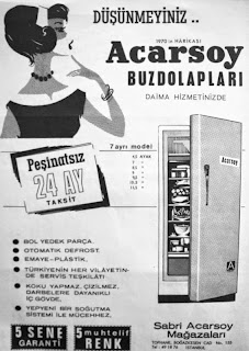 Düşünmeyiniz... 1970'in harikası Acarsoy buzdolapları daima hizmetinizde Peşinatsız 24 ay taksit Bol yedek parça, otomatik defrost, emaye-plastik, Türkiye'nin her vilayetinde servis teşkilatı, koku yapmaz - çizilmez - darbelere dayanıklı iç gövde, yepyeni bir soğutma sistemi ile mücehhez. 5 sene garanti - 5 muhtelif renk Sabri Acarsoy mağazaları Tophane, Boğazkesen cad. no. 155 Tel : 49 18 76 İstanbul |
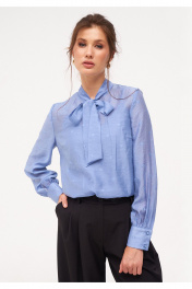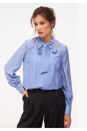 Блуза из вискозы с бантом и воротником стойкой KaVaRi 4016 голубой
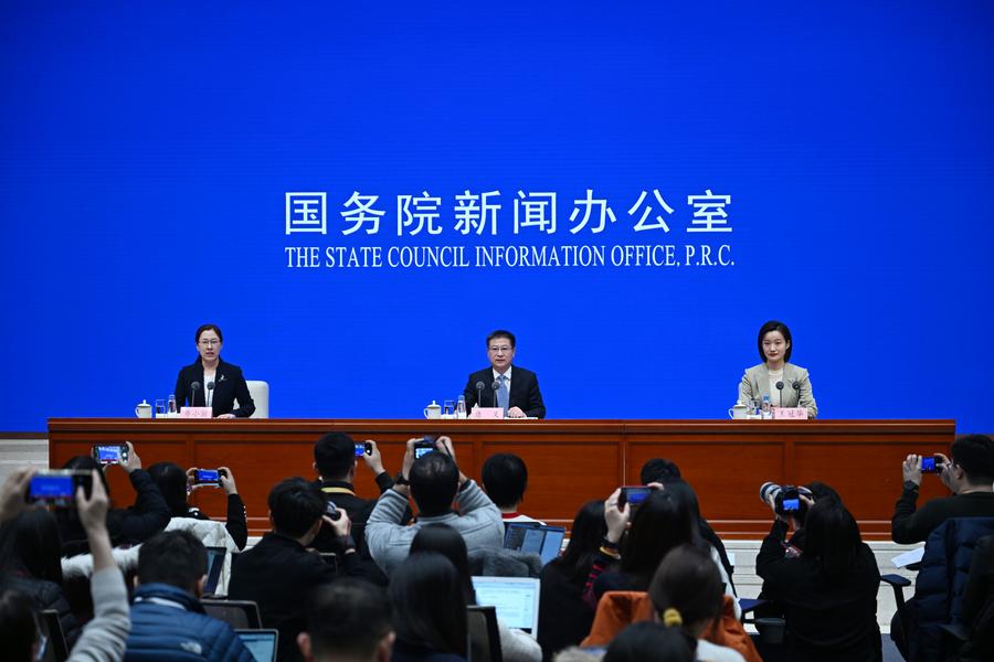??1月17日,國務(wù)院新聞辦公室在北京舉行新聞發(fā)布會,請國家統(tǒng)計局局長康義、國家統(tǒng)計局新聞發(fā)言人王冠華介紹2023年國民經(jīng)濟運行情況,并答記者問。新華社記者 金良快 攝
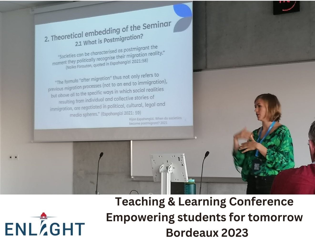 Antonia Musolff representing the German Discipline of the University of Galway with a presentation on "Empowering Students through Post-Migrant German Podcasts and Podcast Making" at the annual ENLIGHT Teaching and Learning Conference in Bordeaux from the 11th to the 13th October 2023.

—————

WHAT YOU SHOULD DO - Write out the material above once more, exactly as it reads, with no pictures.

WRITTEN SOLUTION -
 Düşünmeyiniz... 1970'in harikası Acarsoy buzdolapları daima hizmetinizde Peşinatsız 24 ay taksit Bol yedek parça, otomatik defrost, emaye-plastik, Türkiye'nin her vilayetinde servis teşkilatı, koku yapmaz - çizilmez - darbelere dayanıklı iç gövde, yepyeni bir soğutma sistemi ile mücehhez. 5 sene garanti - 5 muhtelif renk Sabri Acarsoy mağazaları Tophane, Boğazkesen cad. no. 155 Tel : 49 18 76 İstanbul |
 Блуза из вискозы с бантом и воротником стойкой KaVaRi 4016 голубой
??1月17日,國務(wù)院新聞辦公室在北京舉行新聞發(fā)布會,請國家統(tǒng)計局局長康義、國家統(tǒng)計局新聞發(fā)言人王冠華介紹2023年國民經(jīng)濟運行情況,并答記者問。新華社記者 金良快 攝
 Antonia Musolff representing the German Discipline of the University of Galway with a presentation on "Empowering Students through Post-Migrant German Podcasts and Podcast Making" at the annual ENLIGHT Teaching and Learning Conference in Bordeaux from the 11th to the 13th October 2023.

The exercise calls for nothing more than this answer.